The linearization technique for variance estimation (Deville, 1999) has been applied to the following estimators of the Gini index: \widehat{G}_{w}^{a}= \displaystyle \frac{1}{2\widehat{N}^{2}\overline{y}_{w}}\sum_{i \in S}\sum_{j \in S}w_{i}w_{j}|y_{i}-y_{j}|,
and \widehat{G}_{w}^{b} = \displaystyle \frac{2}{\widehat{N}\overline{y}_{w}}\sum_{i \in S}w_{i}y_{i}\widehat{F}_{w}(y_{i})-1,
where \widehat{F}_{w}(t)=\frac{1}{\widehat{N}}\sum_{i
\in S}w_i\delta(y_i \leq t) For a given estimator \widehat{G}_w and a linearizated variable
z, the confidence interval, with
confidence level 1-\alpha, is
defined as
\left[\widehat{G}_w -
Z_{1-\alpha/2}\sqrt{\widehat{V}(\widehat{G}_w)}, \widehat{G}_w +
Z_{1-\alpha/2}\sqrt{\widehat{V}(\widehat{G}_w)} \right],
where the variance \widehat{V}(\widehat{G}_w) is computed using the corresponding pseudo-values and any of the aforementioned type variance estimators (Horvitz-Thompson; Sen-Yates-Grundy, or Harley-Rao).
On the one hand, interval = "zalinearization"
linearizates the estimator \widehat{G}_{w}^{a}, and the
corresponding pseudo-values are defined as (Langel anf Tillé 2013):
z_{(i)}^{a}=\frac{1}{\widehat{N}^{2}\overline{y}_w}\left[ 2\widehat{N}_{(i)}\left( y_{(i)} - \widehat{\overline{Y}}_{(i)}\right) + \widehat{N}\left\{ \overline{y}_{w} - y_{(i)} - \widehat{G}_{w}^{a}\left(\overline{y}_{w} + y_{(i)} \right) \right\} \right], where \widehat{\overline{Y}}_{(i)} = \displaystyle \frac{1}{\widehat{N}_{(i)}}\sum_{j=1}^{i}w_{(j)}^{+}y_{(j)}.

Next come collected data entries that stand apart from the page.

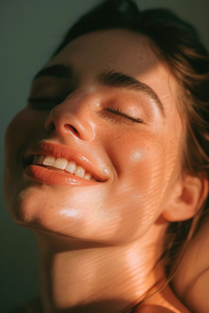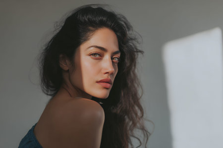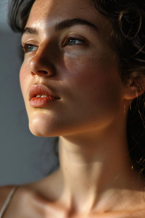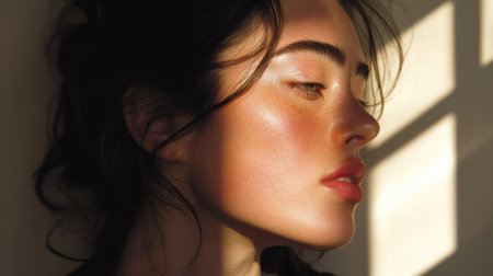 Close up portrait of young woman with natural makeup, showcasing glowing skin and soft features. light creates beautiful play of shadows on her face, enhancing her profile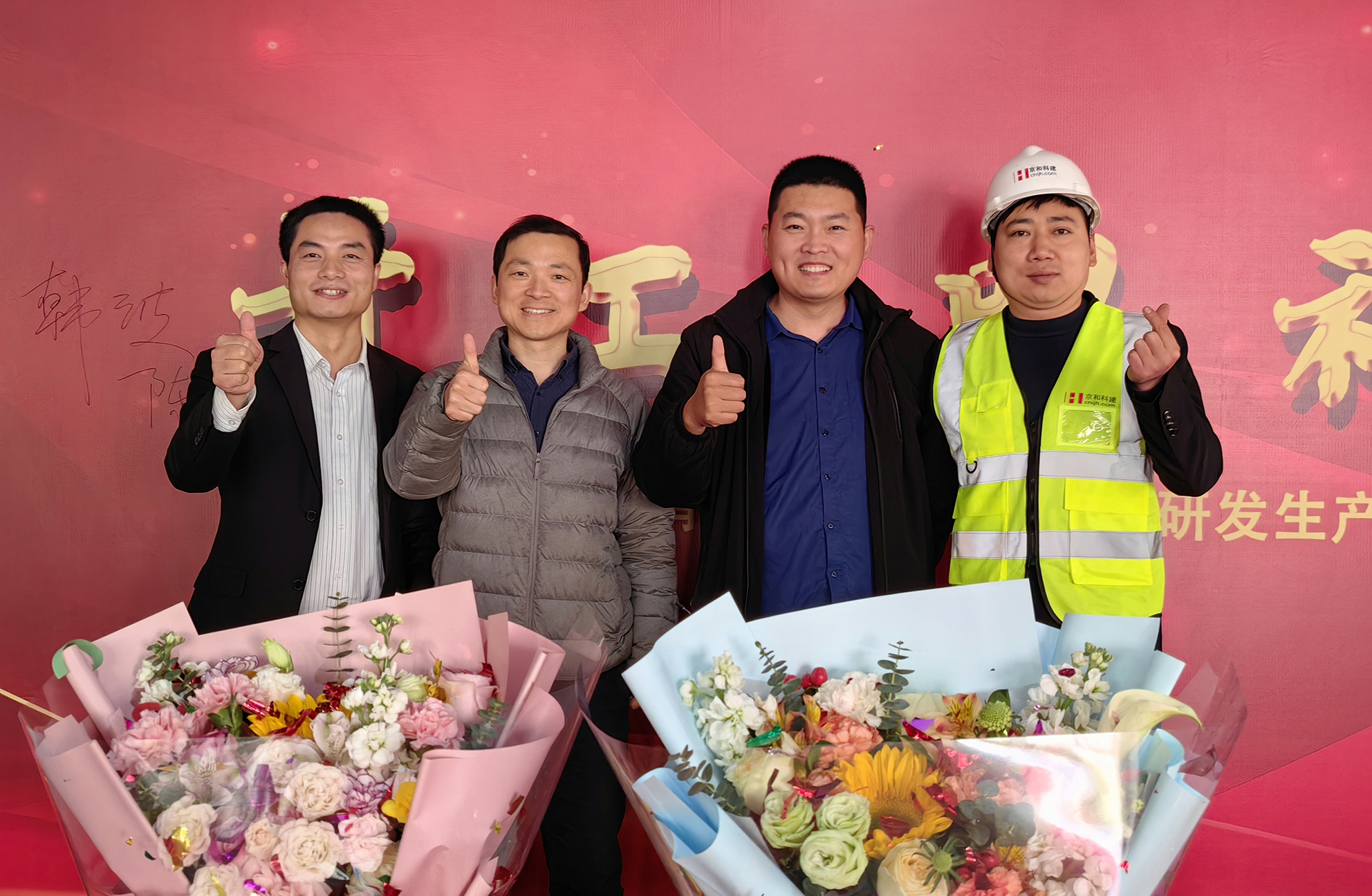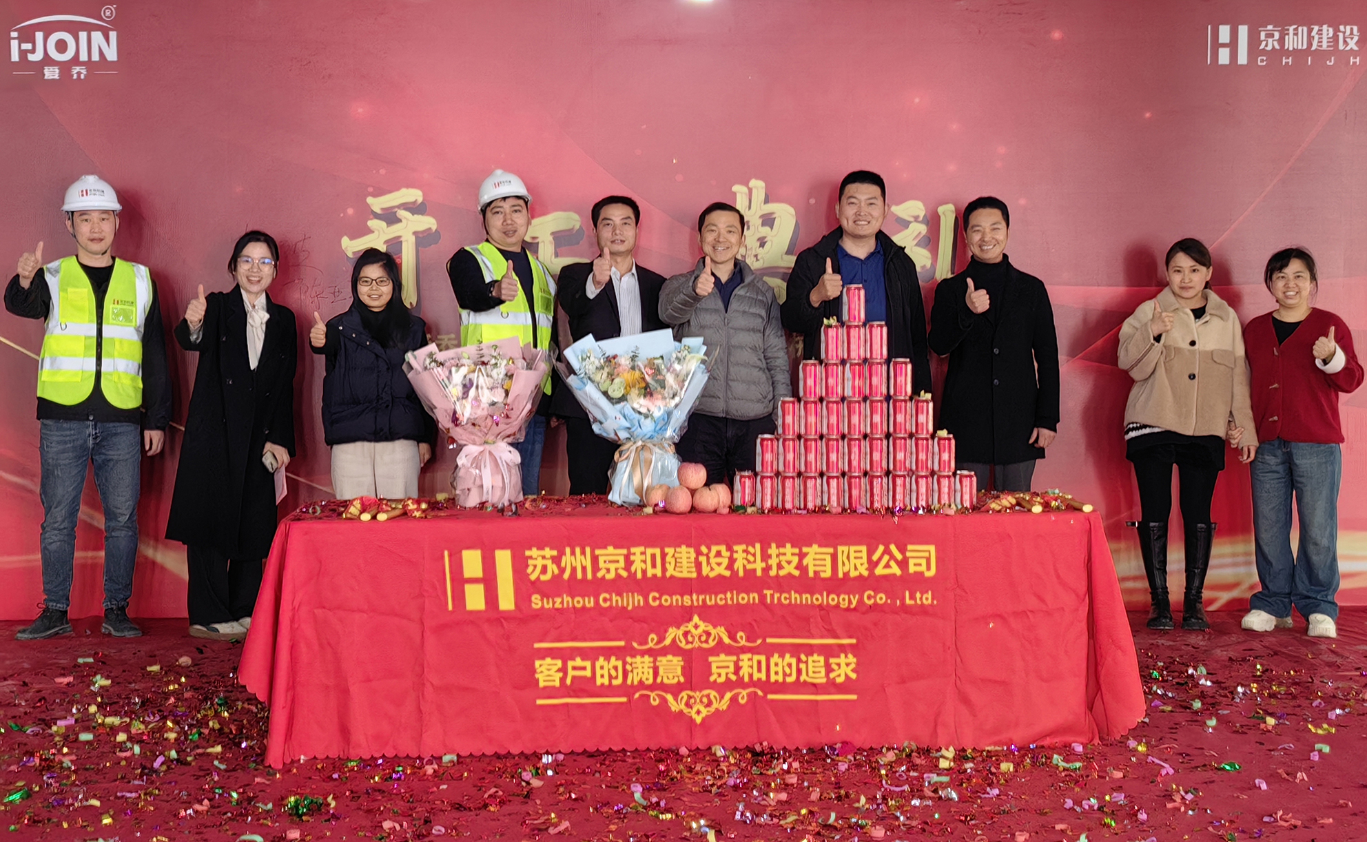 建設單位蘇州愛喬醫(yī)療科技有限公司韓波經(jīng)理、陳亞平經(jīng)理,以及本次項目施工總包方蘇州京和建設科技有限公司領導余贊、袁沖及部門其他員工一同參加了典禮。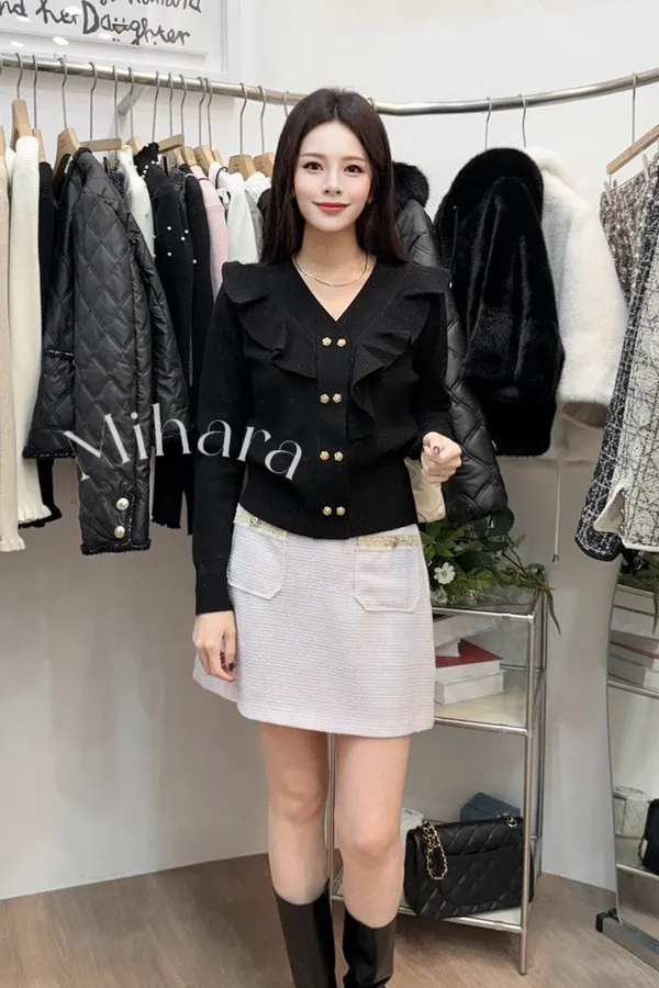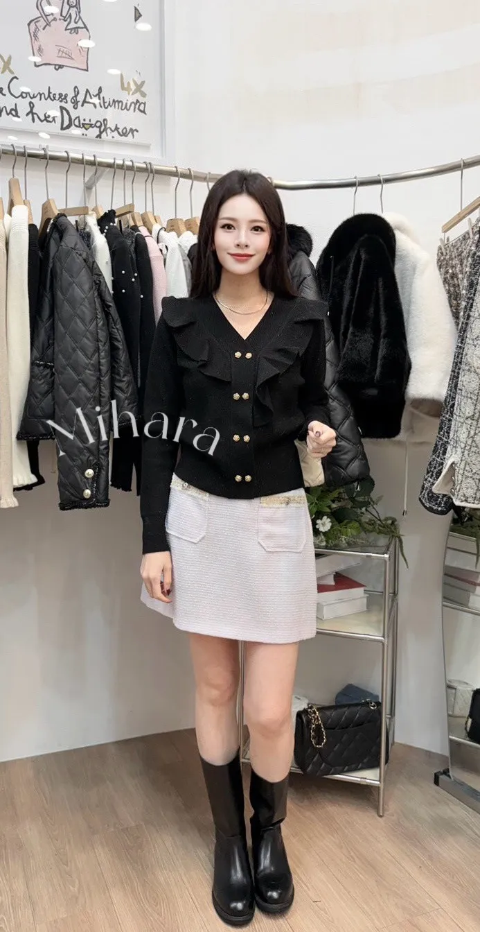 A30 0128(限量特)設計棟雙胞胎歐膩家雙排釦荷葉邊V領上衣

On the other hand, interval = "zblinearization"
linearizates the estimator \widehat{G}_{w}^{b}, and the
corresponding pseudo values are (see Berger, 2008):
z_i^{b}=\frac{1}{\hat{N}\overline{y}_{w}}\left[ 2y_i\widehat{F}_{w}(y_i) - (\widehat{G}_{w}^{b}+1)(y_i+\overline{y}_{w})+\frac{2}{\hat{N}}\sum_{j \in S}w_jy_j\delta(y_j \geq y_i) \right], where \widehat{F}_{w}(t) = \displaystyle \frac{1}{\widehat{N}}\sum_{i \in S}w_{i}\delta(y_i \leq t).
# Gini index estimation and confidence interval using:
## a: The method 2 for point estimation.
## b: The method 'zalinearization' for variance estimation.
## c: The Sen-Yates-Grundy type variance estimator.
## d: The Hàjek approximation for the joint inclusion probabilities.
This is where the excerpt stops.